Sid Salter
- Columnist Sid Salter writes that Grisham’s new non-fiction book releases against the backdrop of another high-profile Mississippi death penalty case.
A self-described “just about full-time grandparent” to three grandchildren, bestselling Mississippi author John Grisham is a few months shy of his 70th birthday – some facts that belie his packed calendar this month.
The author of fifty consecutive #1 bestsellers translated into some 50 languages, Grisham’s latest novel “Camino Ghosts” was released this summer. The recent Grisham works “The Exchange: After The Firm” updated the journey of “The Firm’s” Mitch McDeere and the third Jake Brigance novel “A Time for Mercy” is being developed as a limited HBO series.
For the first time since his groundbreaking 2006 non-fiction book “The Innocent Man: Murder and Injustice in A Small Town,” Grisham has collaborated with Jim McCloskey to produce a new non-fiction book that builds on the theme of wrongful convictions. The book, entitled “Framed: Astonishing True Stories of Wrongful Convictions” was set to release Oct. 15.
Grisham for many years has been passionate about what he sees as deep, systemic flaws in the criminal justice system particularly as it relates to wrongful convictions and the death penalty. “The Innocent Man” gave rise to a powerful six-part Netflix documentary series on wrongful convictions.
The author, known for his work and support of Christian missions in South America through the Southern Baptist International Missions Board, is also a board member of The Innocence Project and McCloskey’s Centurion Ministries, the first national organization dedicated to freeing innocent people who the organization believes have been wrongly convicted.
Grisham’s new non-fiction book releases against the backdrop of another high-profile Mississippi death penalty case. Earlier this month, the case of Richard Gerald Jordan, 78, the state’s longest-serving Death Row inmate, drew national headlines.
Jordan, convicted of the 1976 kidnapping and murder of Edwina Marter of Gulfport, a banker’s wife. Jordan and his attorneys have made multiple federal and state appeals, but the most recent arguments have centered on a 2017 U.S. Supreme Court ruling on the use of independent mental health expert testimony.
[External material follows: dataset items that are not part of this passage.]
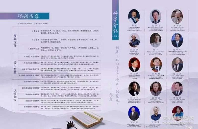 他還說,民族興旺,首在樹人;樹人之道,端在教育。為此,上海交大老子書院昆明分院將定期開展傳統(tǒng)文化講座,內(nèi)容包括中國(guó)民俗文化、中國(guó)術(shù)數(shù)天文歷法、中國(guó)孝道文化、中國(guó)道德文化、中國(guó)武術(shù)文化、古琴文化、書畫文化、茶道文化、香道文化交流等。內(nèi)容融匯了《二十四節(jié)氣》、《易經(jīng)》、《道德經(jīng)》、《了凡四訓(xùn)》、《弟子規(guī)》、《三字經(jīng)》、《論語(yǔ)》、《孝經(jīng)》、《老子》《莊子》、《孔子》、《孟子》《黃帝內(nèi)經(jīng)》、《古琴雅集》等中國(guó)傳統(tǒng)文化內(nèi)容。同時(shí)還將開設(shè)《道家思想與領(lǐng)導(dǎo)力提升》、《孫子兵法制勝商戰(zhàn)》等課程。
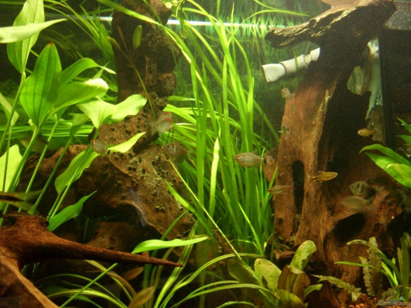 hinten rechts Vallisneria spiralis Leopard (sie wächst und wächst und......) bildet schöne Ableger, unzählige Cryptocoryne Ableger im linken und hinteren Beckenbereich als dichten Wald angelegt, drei Echinodorus bleheri vorne rechts vorm ??berlaufschacht, im mittleren Bereich drei Echinodorus-Zuchtformen deren genaue Bezeichnung ich nicht kenne, zwei kleine Anubias die aus einer sehr stark verkalkten Pflanze gerettet worden sind, an Wurzeln angebunden, in der Mitte des Beckens [...]
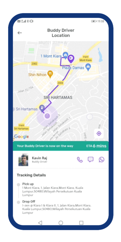 Anda juga perlu memberikan butiran kenderaan peribadi anda seperti yang diminta. Selepas diproses, butiran pemandu yang ditugaskan akan dimaklumkan melalui aplikasi tersebut, dan Buddy Driver anda akan menghubungi anda secara terus.
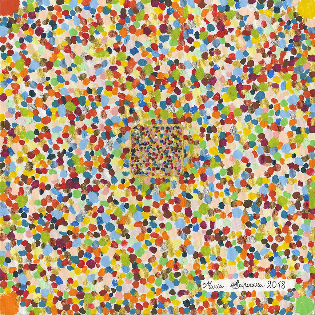 Il CAOS rappresentato da me con una miriade di colori come i filosofi con la “visione ciclica del mondo” e il caos primitivo, a cui si rifà Eraclito, il pitagorismo, Anassimandro, Empedocle, gli scettici, Democrito con il movimento caotico di atomi, del quale parla Dante con “il mondo a caso pone”. Il mondo di Heidegger come “totalità di rimandi e significati”. Kant parla di molteplicità caotica, invece Freud parla di Es come forza caotica, inconscio.

Mississippi Attorney General Lynn Fitch has asked the court to set an execution date for Jordan. Fitch’s office has argued that Jordan’s federal and state legal remedies “have been exhausted.”
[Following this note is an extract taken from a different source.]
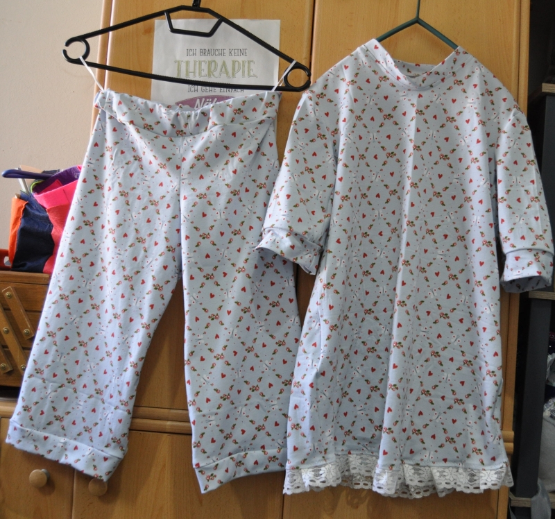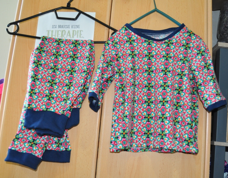 ..für Kinder in Größe 140 hellblau und 128/134 in rotbunt, Oberteile von mir und die hellblaue Hose ist Klimperklein und die rotbunte die Pumpolino Emilio
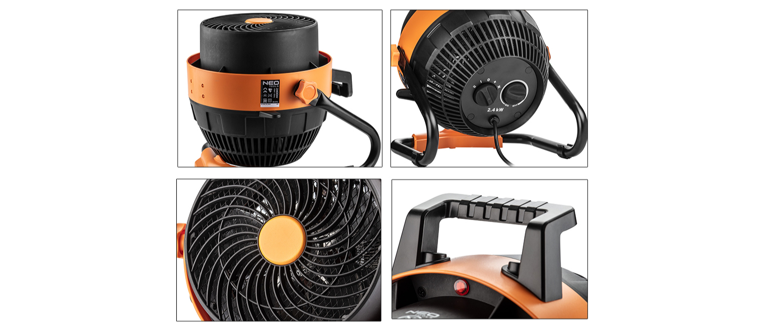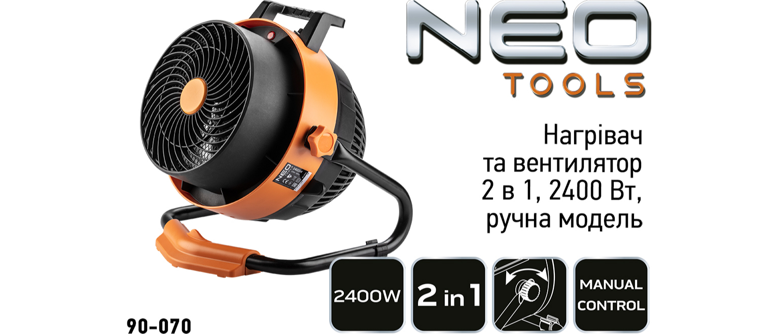 Нагрівач і вентилятор 2 в 1 NEO Tools 90-070 з'єднує функції обігріву і регульованого вентилятора. Нагрівальний елемент пристрою - пружина, що швидко нагрівається. Нагрівач має ізольовану пластикову ручку для зручності перенесення. Корпус виконаний з жароміцного пластика, що запобігає опіки. Пристрій відрізняється високою продуктивністю при невеликій займаній площі.

If Grisham’s own publishing and advocacy interests aren’t enough to keep him busy, Grisham is scheduled this week to moderate a tour appearance by former First Lady and former U.S. Secretary of State Hillary Clinton in Durham, North Carolina. Clinton’s latest book, “Something Lost, Something Gained: Reflections of Life, Love and Liberty” was released last month.
After four decades in public life, Grisham is famous enough, wealthy enough and secure in his own skin enough to choose his friends, his causes and the investment of his time in things and people in which be believes and share commonality. He has made an art form of not being pulled into other people’s drama – that despite having no fear of speaking his mind on matters of public policy and the law.
He remains a disciplined, workaday writer. He’s never talked about awaiting the arrival of mystic inspiration or a “muse.” He does talk about getting up early, putting in the time writing, and hitting deadlines.
Grisham told interviewer Christina Ianzito recently: “I get into the habit of getting up early and going to the computer around 7 or 7:30. In my little writing room, there are no phones, no fax, no internet, no music, no disturbances – nothing but the same brand of strong coffee, the same coffee cup. I sit there for several hours, just in another world. After 35 years, I still treasure those moments. But after four or five hours, I’ve got to have a break. My mind is kind of muck.”
I look forward to reading Grisham’s second major work of non-fiction. The nation’s criminal justice system, for good or ill, drives a great deal of the political division and public mistrust in our divided nation. I’m glad people of goodwill with a strong moral compass – like Grisham – are talking about these issues in the public square.